Celebrity cafe # 04 par François Huglo

  • Partager sur Facebook
Celebrity cafe # 04

 

            « Les poètes… veulent enfin un jour machiner la poésie comme on a machiné le monde ». L’éditorial de Jacques Donguy connecte cette affirmation d’Apollinaire en 1917 aux « Poèmes Machines » de Liliane Lijn, à l’Intelligence artificielle, au travail d’Eduardo Kac en liaison avec la Station spatiale internationale, à toute « une littérature à réinventer, en fonction d’autres technologies », bien que le nom « Celebrity Cafe » ait été trouvé sur l’enseigne d’un café « au milieu de la brousse africaine, non loin du rift ! ». Paradoxe ? À travers les 11 sections (Avant-gardes, numérique, poésie spatiale, performances, théâtre, arts plastiques, cinéma et vidéo, musique, hommage, anniversaire, éphémérides), du langage, des machines et des corps se croisent, se superposent, s’interpénètrent. C’est contradictoire. C’est stimulant.

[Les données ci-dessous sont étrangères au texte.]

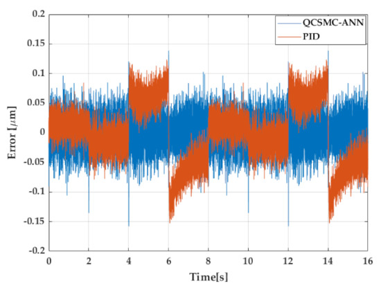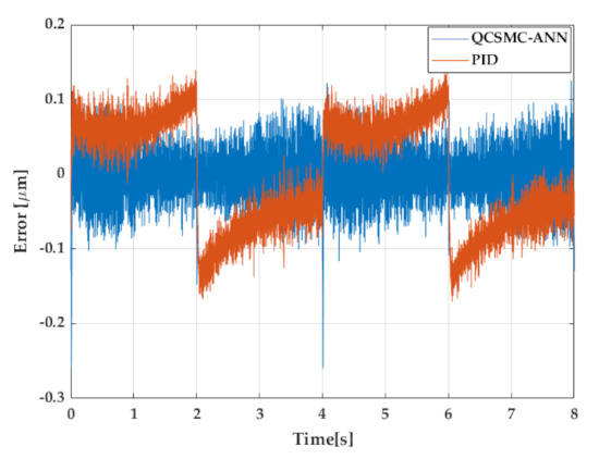 The first contract was performed with a triangular wave due to its complexity to be followed. Figure 6 presents the error obtained with the QCSMC-ANN and PID in triangular cycles where several points can be highlighted. The PID controller had a variable performance since between 0 and 1 s, the error declined; however, in the following second, the error began to rise up until 2 s. Despite the QCSMC-ANN providing a high amplitude in the first second of this period, in the following, it was diminished.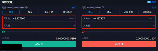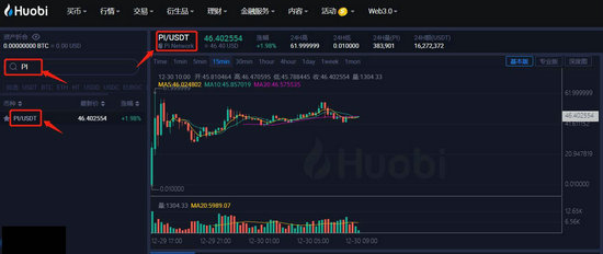 3、在左侧搜索栏输入币种简称PI,选择PI/USDT交易对。

            Avant-gardes : interview inédit de William Burroughs et de Bryon Gysin par Ralph Rumney (1962). Gysin veut « mettre à la disposition des écrivains » les techniques utilisées par « tous les peintres modernes ». Burroughs répond que « The Waste Land » (« La Terre Vaine ») de T.S. Eliot est déjà « certainement un montage ». Amélie Castellanet analyse « une photo inédite d’œuvre » de Raoul Hausmann, sollicitant une « stimulation simultanée du toucher, du goût et de l’odorat ». Un entretien inédit de Jacques Donguy avec Harold de Campos revient sur « Galaxies », traduit avec enthousiasme (et les félicitations du poète) du brésilien au français par Jean-François Bory. Café brésilien encore : Paulo Bruscky, ses « concerts de musique électroencéphalographique », sa « machine à filmer les rêves », son exposition d’Art Postal fermée par la Police Fédérale en 1976 : artiste à la fois conceptuel, scientifique et politique, « concerné par l’éphémère ». Eduardo Kac oppose à la « poésie concrète » le « poème processus » de Neide Sá, et s’entretient avec Liliane Lijn, dans son atelier londonien, sur ses « systèmes lumineux et électromagnétiques créés dans une perspective littéraire » : utilisation de cylindres et de cônes pour que les mots soient mis en mouvement, transparence leur permettant de flotter dans l’espace. L’expérimentation retrouve l’écriture sumérienne, ses pictogrammes, sa mythologie, et les divinations du « I Ching ». Kac présente les « Poèmes Concept » de Wlademir dias-Pino. Un texte de Jean-François Bory, « Aboli », clôt cette section « Avant-gardes ». Des lettres peignent un « paysage », qui devient « récit ». L’universel bazar donne sur l’apeiron (l’infini, seule substance indéterminée selon Anaximandre) et le chaos qui « peut être n’importe quoi qui n’est plus ceci ». Miroljub Todorovic parlera plus loin d’Apeïronisme », au cours d’un entretien avec Jacques Donguy.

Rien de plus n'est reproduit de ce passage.